Dalam sambutannya, Founder bumdes.id itu menyampaikan bahwa acara ini merupakan serangkaian kegiatan ramadhan yang telah dirancang bersama dengan HRD Syncore. Pengadaan acara ini bukan berarti tanpa alasan. Menurut dia, kegiatan ini bertujuan agar Syncore tetap bergerak meskipun berada di bulan Ramadhan, sesuai dengan taglinenya yaitu #TerusBergerak.

“harapannya kegiatan ini dapat memperkuat mental serta spiritual kita, jika tidak dilandasi dengan itu maka akan mudah dilanda setres. Kegiatan seperti ini harusnya rutin kita lakukan. Ini bukan pertama dan terakhir, kedepannya akan ada bentuk kegiatan yang lain,” terang Rudy dalam sambutannya. (Sabtu, 19/05/2018)

Acara berlanjut pada sesi Tilawah dan Tartil Qur’an yang dilantunkan oleh Egas Sutipa dan Adhalina. Terpaku, bacaan ayat demi ayat yang merdu seakan memberikan ketenangan bagi peserta kajian di tengah ibadah puasa yang mereka jalani.

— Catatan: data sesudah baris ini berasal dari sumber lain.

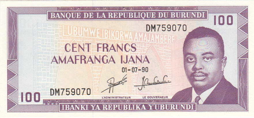 Burundi 100 Francs,  1. 7.199029c100 Francs 1. 7.1990UNC£3.50

Ceramah pertama diampu oleh Egas Sutipa yang sebelumnya membacakan ayat-ayat suci. Dia berbagi ilmu bersama para peserta mengenai tujuan puasa. Egas mengungkapkan bahwa Taqwa merupakan tujuan dari berpuasa sebagaimana diterangkan dalam ayat suci Al-Quran.

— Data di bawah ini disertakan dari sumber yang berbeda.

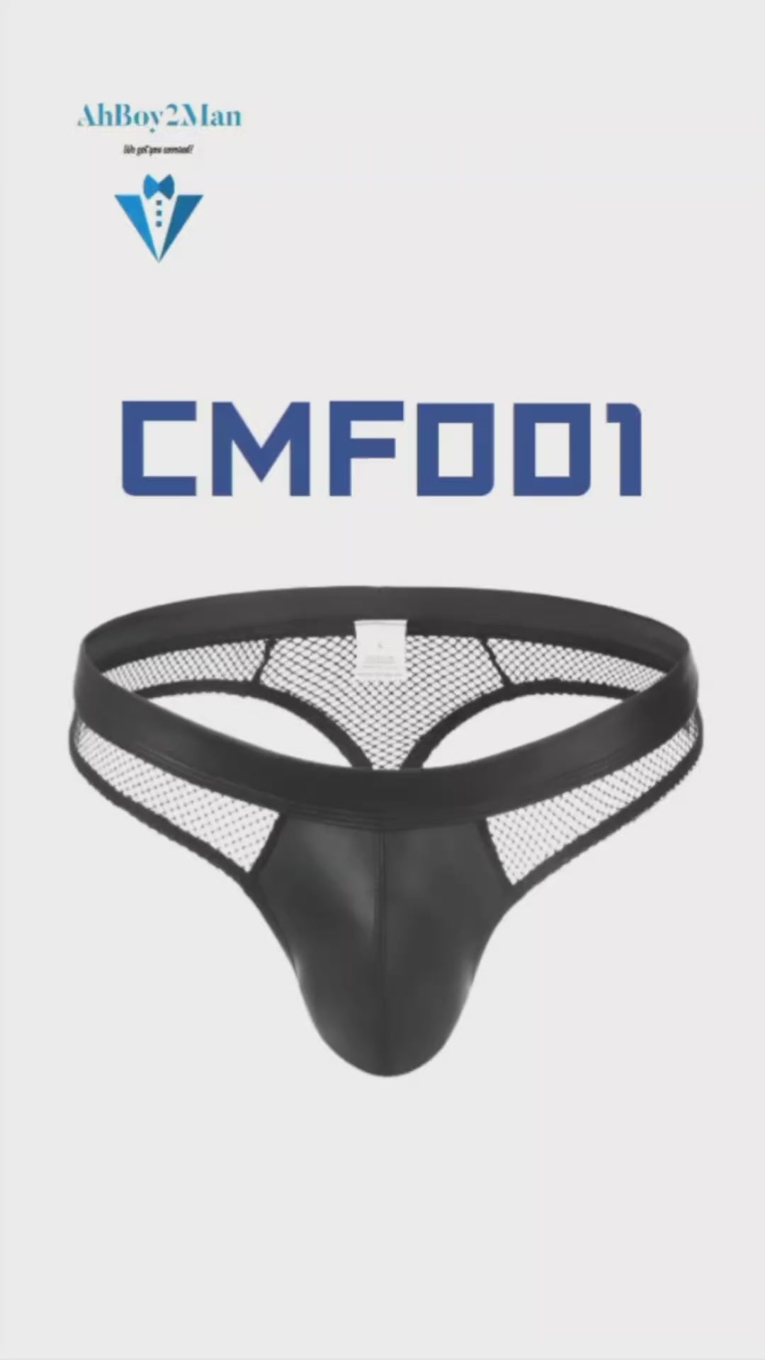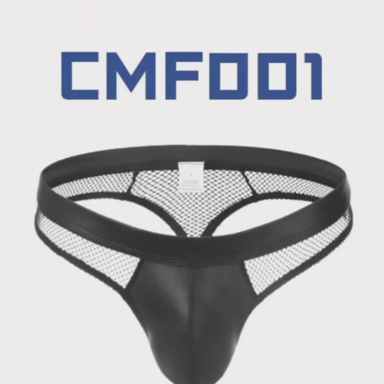 Made of nylon. Faux leather pouch and 3cm waistband. Net rear thong strip.

Dalam ceramahnya, dia menuturkan 5 hal perilaku Taqwa diantaranya; memohon ampun kepada Allah SWT, infaq dan shodaqoh di kala lapang maupun sempit, memaafkan kesalahan orang lain, menahan amarah dan selalu berbuat kebaikan.

“Jika 5 hal itu sudah kita jalankan maka insyaallah syarat taqwa akan terpenuhi,” kata salah satu konsultan BLUD itu.

Untuk mengisi waktu istirahat setelah ceramah yang pertama, acara diramaikan oleh beberapa permainan. Tawa pun pecah dari masing-masing peserta kajian yang menikmati jalannya games yang dilakukan.

Setelah tenggelam dalam euforia permainan, acara dilanjutkan ke sesi terakhir yakni, sharing session mengenai keislaman bersama saudara Izu El-Wafir. Guru di salah satu sekolah di jogja tersebut mengatakan bahwa agama mempunyai 2 sisi seperti halnya koin. Satu sisi manusia harus melakukan ketaatan, di sisi lain harus meninggalkan semua yang dilarang.

“kalau melakukan ketaatan semua orang pasti bisa, sedangkan meninggalkan larangan itu yang paling sulit,” tuturnya.

Ustad Izu juga membagikan tips sholat dengan khusyuk yaitu, merasa diawasi oleh allah SWT dan memahami surat yang dibaca ketika sholat. “kepada pimpinan aja kita bisa fokus, itu aja dengan manusia sama seperti kita. terlebih lagi kepada Allah, sebisa mungkin saat ibadah kita sedang berhadapan, minimal merasa diawasi olehNya,” pungkasnya.